Cyanotypien fanden in der Wissenschaft und in der Kunst unterschiedliche Verwendung. Die englische Pflanzenforscherin Anna Atkins (1799–1871) arbeitete bereits 1843 mit dem damals neuen Verfahren, um Bilder für die Studien über britische Algenarten von William Henry Harvey (1811–1866) herzustellen. Anstatt wie damals üblich zum Zeichenstift zu greifen, setzte Atkins das Blaudruckverfahren ein und schuf 1843 somit das erste mit Fotografien bebilderte Buch Photographs of British Algae. Cyanotype Impressions (1843–1853, dt. Übersetzung, Fotografien von britischen Algen. Cyanotypische Eindrücke). Dieses wird auch heute noch in verschiedenen Ausstellungen gezeigt. Aber auch für andere Arbeitsbereiche war das Verfahren ideal. So machten Ingenieur_innen bis ins 20. Jahrhundert hinein kostengünstige Kopien von ihren Bauplänen, die Blaupausen (auf Englisch blueprints) genannt werden.
Trotz der heute vorwiegend digitalen Technologien bekommt das alte Verfahren der Cyanotypie auch in der zeitgenössischen Kunst wieder vermehrte Aufmerksamkeit. Künstler_innen wie Anna Niskanen (*1990), David Gagnebin-de Bons (*1979), Alan Butler (*1981), Annie Lopez (Geburtsjahr unbekannt) oder Angela Chalmers (Geburtsjahr unbekannt) experimentieren damit, in dem sie nicht nur Papier mit der lichtempfindlichen Eisenbeschichtung bearbeiten, sondern auch andere Materialien wie Stoff oder Keramik.

Literatur

Christina Z. Anderson, Cyanotype. The Blueprint in Contemporary Practice (London: Routledge, 2019).
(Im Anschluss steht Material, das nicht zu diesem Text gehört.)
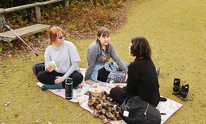 下山を始める前に、私たちは広場で少しお茶休憩をしました。お気に入りのお菓子をみんなで分け合いながら、美しい街の景色を楽しみました。

Brian Arnold, Alternate Processes in Photography. Technique, History, and Creative Potential (New York: Oxford University Press, 2017).

Geoffrey Batchen, Emanations. The Art of the Cameraless Photograph (München; London; New York: DelMonico Books, 2016).

Larry Schaaf und Joshua Chuang (Hg.), Sun Gardens. Cyanotypes of Anna Atkins, Ausst. Kat., New York Public Library (München: Delmonico Books, 2018).

Katharina Steidl, Am Rande der Fotografie. Eine Medialitätsgeschichte des Fotogramms im 19. Jahrhundert (Berlin: De Gruyter, 2019).

Mike Ware, «Herschel’s Cyanotype. Invention or Discovery?», in History of Photography 22, Nr. 4 (Winter 1998), 371–379.